56
Llegó febrero, y con él un frío inclemente.
No pasaba una hora de sol sin que se oyera el rugido de las sierras mecánicas talando árboles para hacer leña.
Jamie y Connie siguieron adelante como si fueran una pareja de divorciados obligados a vivir juntos por motivos prácticos. Tenían cosas más importantes que hacer que reñir, como, por ejemplo, intentar mantener caliente a todo el mundo y estirar al máximo posible sus limitadas raciones. Todos estaban perdiendo peso, incluido el golden retriever, aunque Arthur era cada vez más hábil cazando conejos. Se aseguraban de que Kyra, a quien empezaba a notársele barriga, recibiera comida extra, y aparecieron vitaminas prenatales después de una de las excursiones de Streeter para buscar alimentos. Para bien o para mal, los tres adolescentes formaban parte de una unidad familiar en la que Jamie y Connie hacían las veces de padre y madre.
Las rutinas no variaron. Las jornadas transcurrían entre hacer visitas médicas, partir leña con un hacha que tenían que devolver a Rocky cuando terminaban, cocinar y limpiar. De noche educaban a Emma, Kyra y Dylan delante del fuego. Adoptaron el hábito de contar un cuento basado en las experiencias de Jamie o Connie o de leerles un pasaje de algún libro de la biblioteca de Holland, que luego usaban como punto de partida para una lección. Una lectura de Caperucita Roja, por ejemplo, precipitó una sucesión de enseñanzas que se prolongó durante varios días. Conocían el color rojo, pero ¿qué sabían del resto de los colores y tonalidades? ¿Qué es una abuela y cómo se estructuran las familias? ¿Qué es una caperuza y cómo se llaman las demás prendas? ¿Qué es un lobo? ¿Por qué quería comerse a la abuela? ¿Por qué comemos nosotros? ¿Qué es la digestión? ¿Qué otros animales viven en el bosque, además del lobo? ¿Qué es un zoo? ¿Qué diferencia hay entre un cuento y una historia real? ¿Qué es un escritor? ¿Por qué lee libros la gente? ¿Cómo se hace el papel? ¿Qué es un invento? ¿Qué es una idea? En el proceso, los niños absorbían información como esponjas, creaban nuevos recuerdos y desarrollaban vocabulario y fluidez lingüística.

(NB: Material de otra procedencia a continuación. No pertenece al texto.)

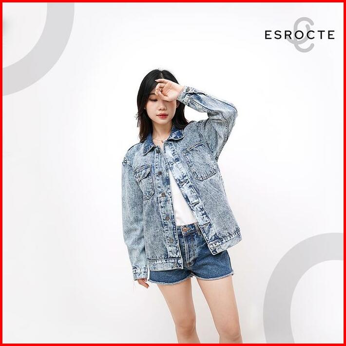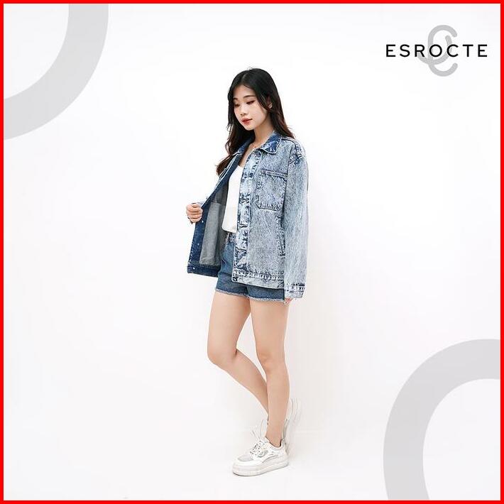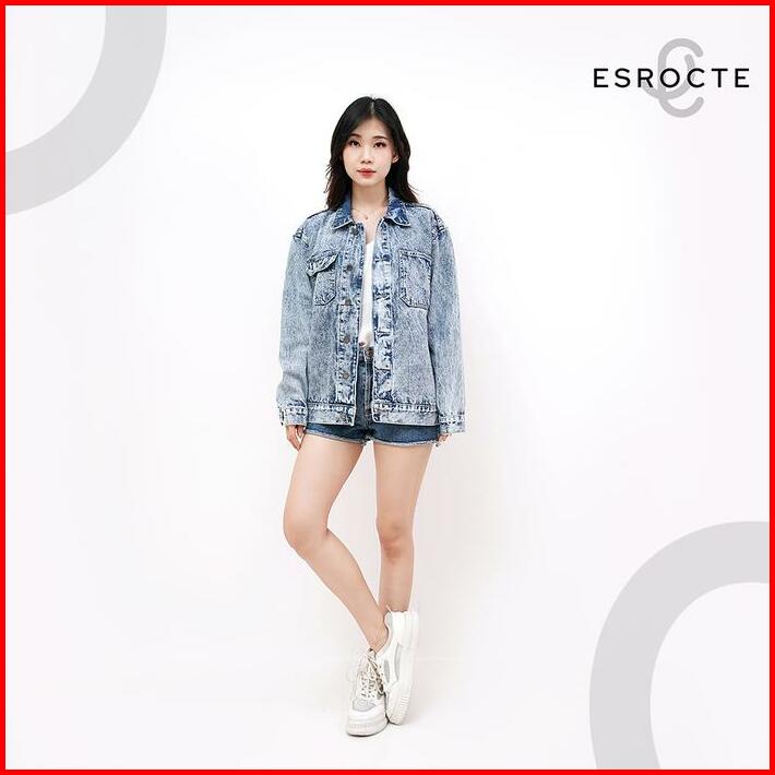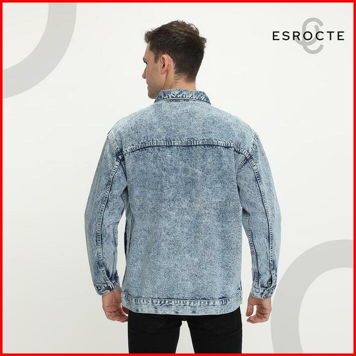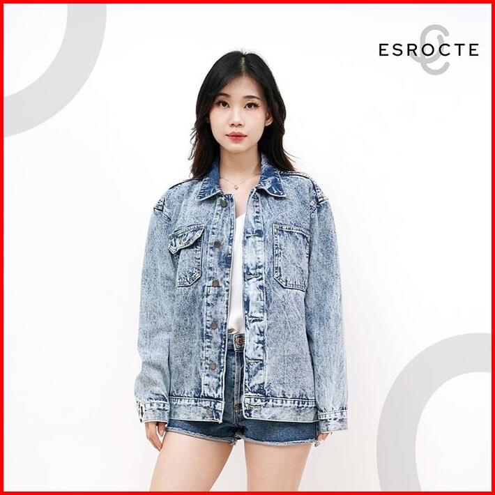 Esrocte Jaket Denim Jeans Unisex Oversize Lengan Panjang Pt7

Los reclutas de Holland, en cambio, solo aprendían la Biblia y la versión simplificada y aséptica de la historia estadounidense que él les ofrecía. Era como si coincidieran dos escuelas en el mismo barrio: una, sofisticada y progresista; la otra, anclada en un plan de estudios reducido y anquilosado.

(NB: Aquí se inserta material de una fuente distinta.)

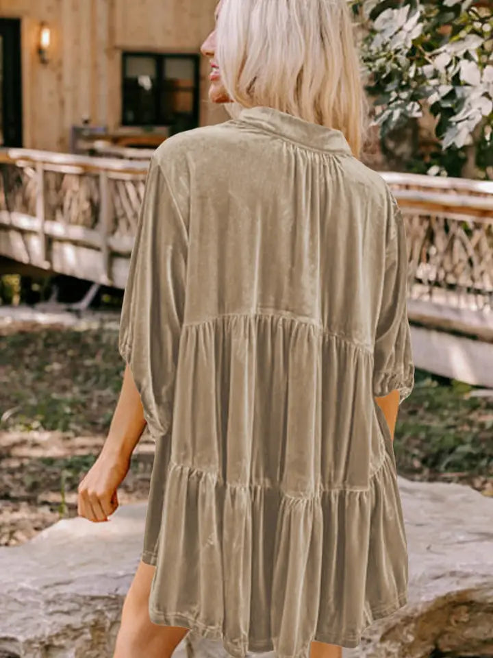 Women's 3/4 Sleeve Tunic Babydoll Velvet Shirt

Los hombres de Streeter se mantenían ocupados cortando y apilando leña, cazando para conseguir carne fresca, pescando en el hielo del lago y patrullando el campamento a todas horas. En cuanto el lago se heló del todo, a Streeter se le ocurrió que Jamie y los demás podrían fugarse cruzando el hielo hasta el terreno vecino, de modo que los hombres instalaron vallas y alambradas en la orilla. Clavar postes en el suelo congelado era un trabajo arduo y agotador, y Jamie y Connie atendieron a varias personas aquejadas de ampollas sangrantes y dedos congelados.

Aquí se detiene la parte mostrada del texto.